I'm absolute mediocre or bad at everything I do. My favorite hobbies, of which I have a lot of passion for, are playing videogames and playing guitar, and I fucking suck at videogames and my guitar skills are mediocre besides playing for some years. My grades at school were always mediocre or bad and I couldn't enter for the course I wanted at university. Besides that, i'm pretty much ugly while my brother is the opposite, and what irritates me the most is that we came from the same parents and while I have mediterranean skin color he is 100% white, I have dark hair and dark eyes and he has light coloured eyes and blonde hair. We both have spanish genes (besides not being born in Spain), but while he is intelligent, sociable and white, I look like a fucking mexican and I can't excel at anything. God, not even at smash bros which is a fucking children's party game i'm good at. If my brother told someone that he has celtic ancestry (part of the family comes from Galicia) everyone would believe it, now if I said the same thing people would laugh at my face and tell me i'm not real white.
I'm a fucking joke, i'm ugly awkward and mediocre at everything, I try my best to be optimistic but I simply can't cope with not being as smart, sociable, skilled an white as my brother is, knowing that I could be like him since we came from the same parents. Just for the record, my eyes and hair are the same color as pic related but my skin is darker.
28 posts and 1 image reply omitted. Click reply to view.

 No.226259

>>226191
I knew a couple of fraternal twins in middle school where one was short and autistic with basically no friends and his twin was tall and super popular. The short one turned into some succubus-hating MRA dude apparently but if you ask me he should reserve his hate for the one responsible: God.

 No.226291

>>224895

i was cursed with bad genetics. a 2/10 face, a 90 IQ, and a weak skinny fat frame. Which meant i was too ugly to do anything dealing with the public, too dumb to get one of these sweet IT jobs everyone on these boards claims to have, and the trades LOL yea i was laughed off in my face and told yea no sorry you'd be a nightmare on a job site. My career has been bouncing from one odd job to the next. Not to touch the mental problems and the bad family upbringing. I am a walkign disaster. Im a slow reader so books are boring. Im the worst player in the lobby at any competitive video games.

What was my purpose, but to be a failure in all things

A Failure in all things

 No.226317

>>226291
How is our survival instinct, your will to live?
Imagine nature being so brutal as to give you shit genetics, iq and looks, but a chad-tier desire to live

 No.226354

>>226291
Yeah, this is painful. Like even though The way TV shows put it you either had one or the other: superficially good stuff but weaker intelligence or great intelligence but dorky.

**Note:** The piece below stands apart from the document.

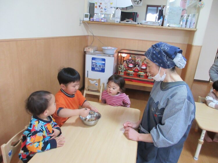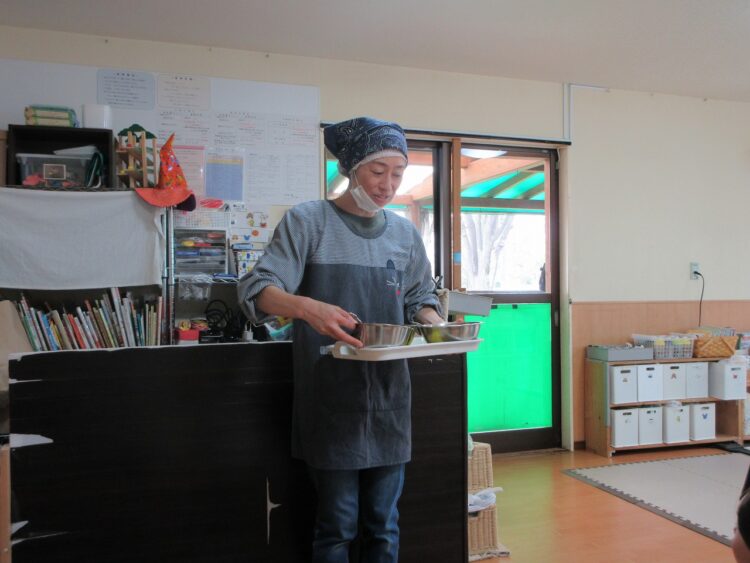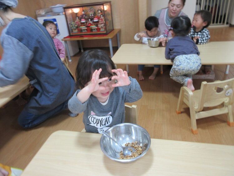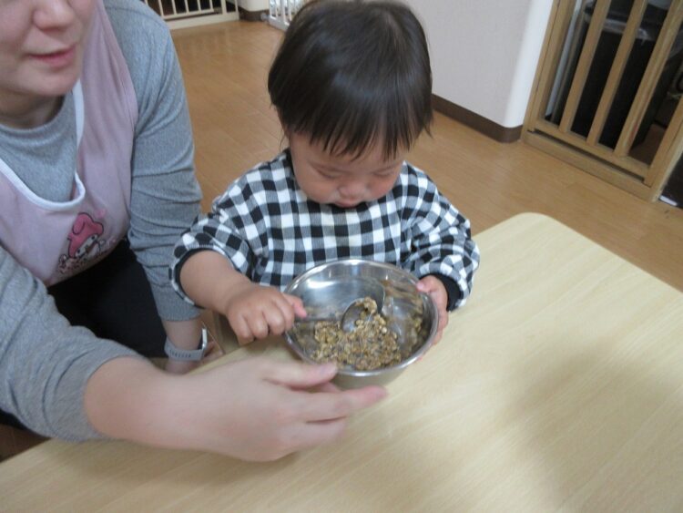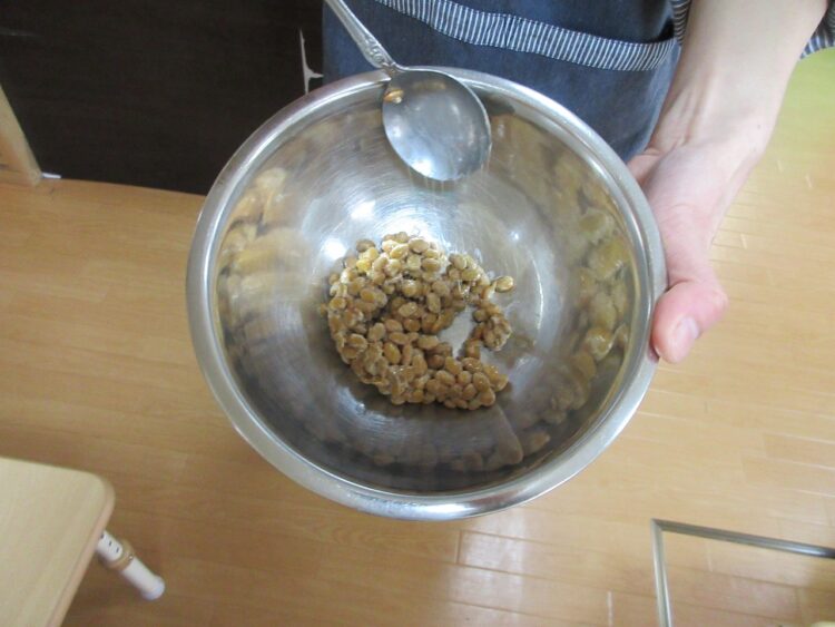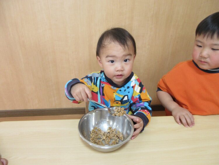食育に登場したのは、さくらんぼさんの大好きな「納豆」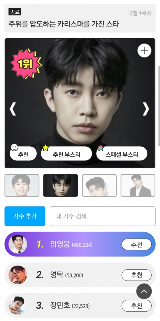 연예K-POP임영웅 '주위 압도 카리스마 스타' 1위..득표도 '압도적'발행 : 2021.09.27 ・ 17:00문완식 기자가수 임영웅이 '주위를 압도하는 카리스마를 가진 스타' 1위에 올랐다.임영웅은 팬앤스타 포토톡 '주위를 압도하는 카리스마를 가진 스타' 투표에서 45만 124표로 1위를 차지했다.2위와 40만표 가까이 차이나는 압도적 득표다.1위에 오른 사진에서 임영웅은 무심한 듯 시크한 카리스마로 눈길을 사로잡았다.문완식 기자(munwansik@mt.co.kr)<저작권자 © 스타뉴스, 무단전재 및 재배포 금지>임영웅영웅시대AAA추천 기사문완식 기자기자홈좋아요 연예-K-POP의 인기 급상승 뉴스연예-K-POP의 최신 뉴스

The trades advice is the fucking worst because yeah, they expect you to be a normal person.



>>226317
tbh personally I'm lethargic 90% of the time so getting it done is a pain when I can just sleep all day or browse the web. when I do end up homeless, I'll do it. I wouldn't say it's a chad-tier desire to live in my case but rather just if I don't have to do anything it's tolerable enough to rot but there's always the feeling of underachievement/cringe memories/impeding doom.

 No.226509

>>226354
>The trades advice is the fucking worst because yeah, they expect you to be a normal person.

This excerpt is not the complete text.